2 décembre 1848

François-Joseph monte sur le trône d’Autriche. Le futur mari de Sissi sera adoré par les Juifs de l’Empire.

Le règne de François-Joseph durera près de 68 ans, un des plus longs de toute l’histoire européenne. Presque aussitôt, il met en œuvre des changements audacieux qui ont un effet transformateur radical sur les Juifs de son royaume. Dès mars 1849, il adopte une constitution qui stipule que les «droits civiques et politiques» ne sont «pas dépendants de la religion».

Trois ans plus tard, François-Joseph accorde à la communauté juive viennoise le droit de former une communauté officielle et organisée, qui ne cessera de croître dès lors que les restrictions impériales à la liberté de mouvement seront levées. En 1857, Vienne compte en tout 6217 Juifs, 1,3% de la population de la capitale. En 1910, leur nombre a été multiplié par 28: 175318 Juifs, 8,6% de la population. Vienne est devenu la troisième métropole juive d’Europe après Varsovie et Budapest.

Des dizaines de synagogues sont construites à travers Vienne, et des prières en hébreu sont écrites en l’honneur de François-Joseph.

Le 12 janvier 1860, l’empereur publie un édit qui autorise les Juifs à posséder des terres et à exercer toute profession de leur choix, et en 1867, il lève toutes les restrictions restantes sur la pleine participation des Juifs à la vie publique.

Les décennies suivantes sont décrites comme l’«âge d’or» de la communauté juive viennoise, époque où les Juifs gravissent les échelons de la littérature, de l’art et de la culture, marquant de manière indélébile l’Autriche et l’Europe entière.

Ils produisent des personnalités telles que Sigmund Freud, le père de la psychanalyse, et Gustav Mahler, le célèbre compositeur.

L’historien israélien Robert S. Wistrich a pu écrire que le résultat fut la création d’une intelligentsia juive sécularisée qui « changea le visage de Vienne et, en fait, du monde moderne ».

En 1869, François-Joseph effectue la première visite d’un souverain européen à Jérusalem et demande à rencontrer les Juifs de la ville et leurs dirigeants.
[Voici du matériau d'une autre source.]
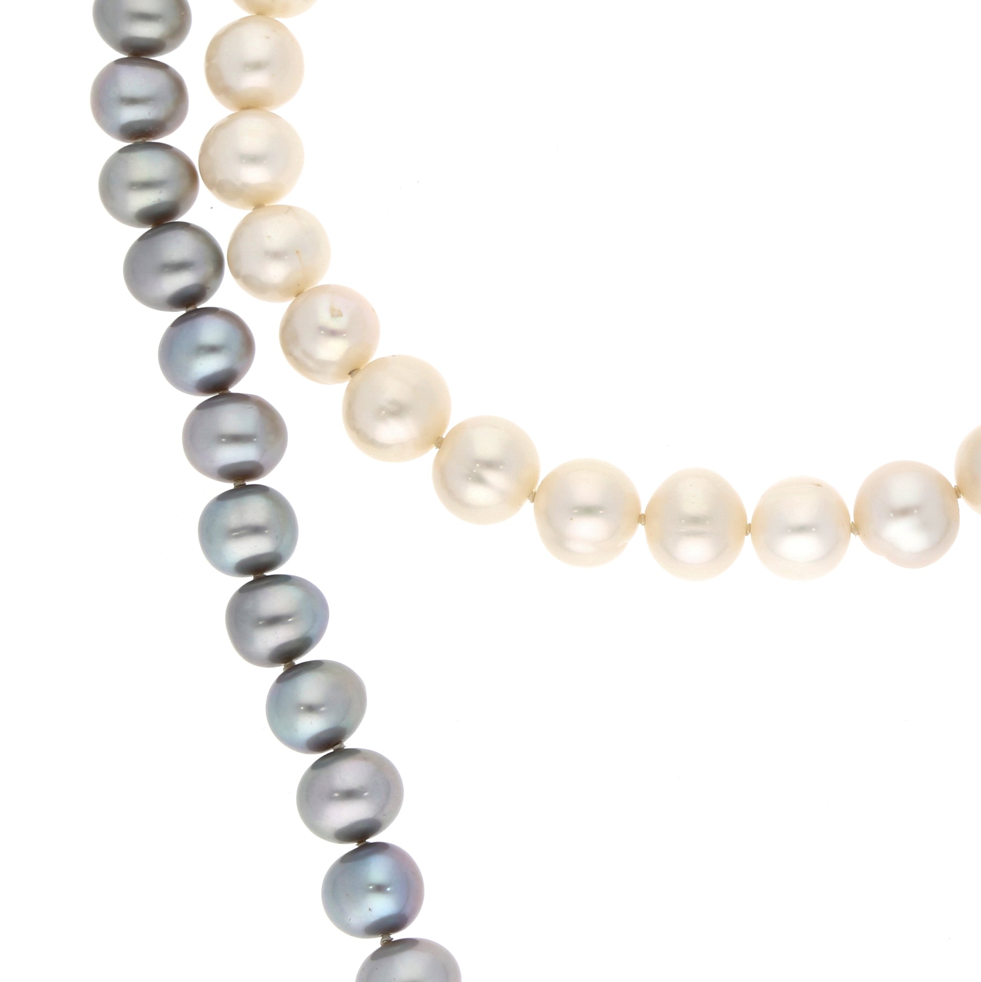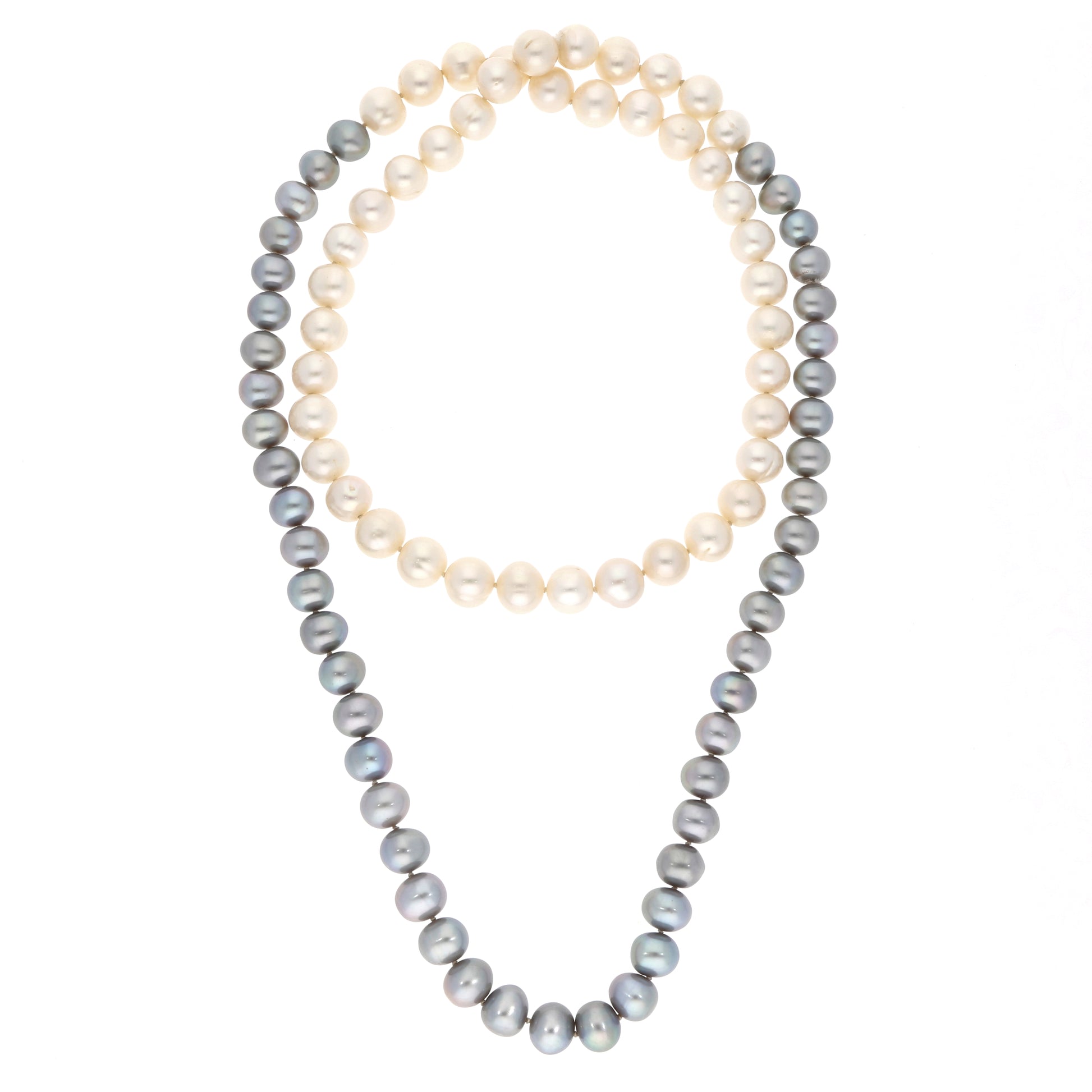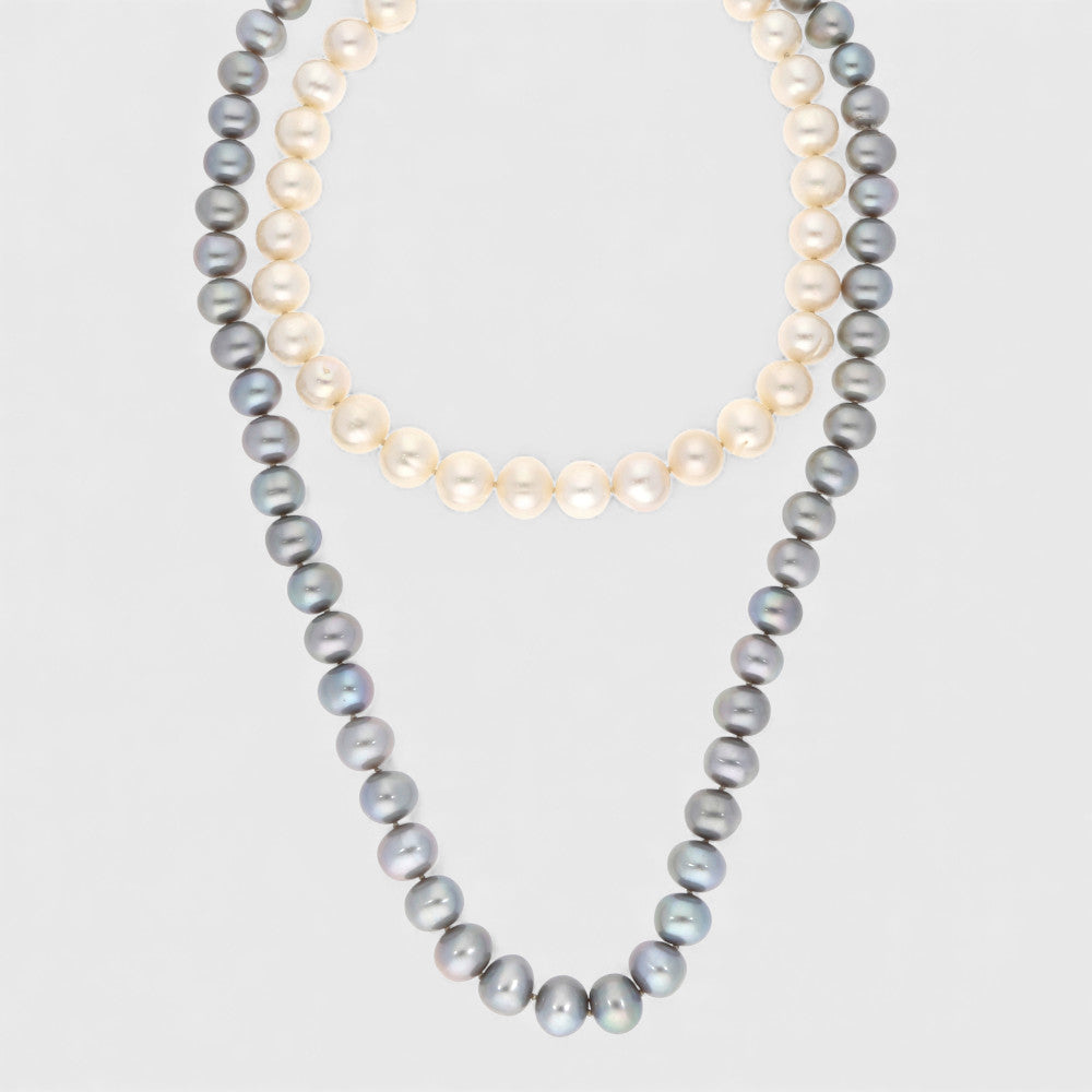 Zweifarbenes Südseeperlen-Sautoir mit weissen und grauen Perlen in unregelmässiger Form, Durchmesser ca. 9,4-10 mm, ohne Verschluss, Länge: ca. 80 cm.

Une histoire bien connue raconte que durant son séjour, il vit que la grande et imposante synagogue Tiferet Israel restait sans toit. Quand il demanda à ses interlocuteurs pourquoi c’était le cas, Rabbi Nisan Bak, un élève du maître hassidique Rabbi Israël de Rizhin, qui supervisait le projet, répondit ironiquement: « Votre Majesté, la synagogue vous a ôté son chapeau. » François Joseph qui savait reconnaître une requête bien tournée répondit: «Et combien cela me coûtera-t-il pour que la synagogue remette son chapeau?» avant de donner les fonds nécessaires pour achever le bâtiment.

À plusieurs reprises, François-Joseph dénonce l’antisémitisme, très répandu en Autriche. En 1882, alors que le mouvement antisémite autrichien célébre sa première flambée anti-juive, l’Empereur déclare à ses ministres: «Je ne tolérerai pas le harcèlement des Juifs dans mon Empire». Il décrit l’antisémitisme comme une «maladie» dont les «excès sont terribles».
Un jour, il quitte ostensiblement le théâtre lorsque des artistes entament une série de chansons antisémites.
François-Joseph apparaît ainsi de plus en plus aux Juifs autrichiens comme leur ange gardien, et saint patron. . . .
Dans les années 1880, la dégradation de la situation pour les Juifs autrichiens favorise une vision plus positive des Habsbourg en tant que gardiens bienveillants et protecteurs de la communauté juive. Sous le sceptre de la dynastie ils avaient toujours bénéficié d’une protection contre les diffamations médiévales, le fanatisme et le règne de la populace.
François Joseph devient maintenant, aux yeux des Juifs, un héritier de cette gracieuse, miséricordieuse et bienveillante tradition des Habsbourg, un monarque qui éclipse non seulement ses illustres prédécesseurs mais aussi tous les souverains contemporains d’Europe dans son respect pour la tolérance religieuse et la justice.
On raconte que les synagogues organisait des offices spéciaux pour son anniversaire, et une légende prétendait même que le prophète Elie l’avait béni pour qu’il ait une longue vie.

En 1895, il refuse d’entériner l’élection de Karl Lueger à la mairie de Vienne à la suite d’une violente campagne antisémite. Il ne cédera qu’au bout de 3 ans après plusieurs refus.
Ses ennemis donnent la juste mesure de l’attitude du monarque envers ses sujets juifs en le surnommant « der Judenkaiser », l’empereur des Juifs.

De leur côté, ces derniers l’appelaient affectueusement en yiddish « Ephraïm Yossele ».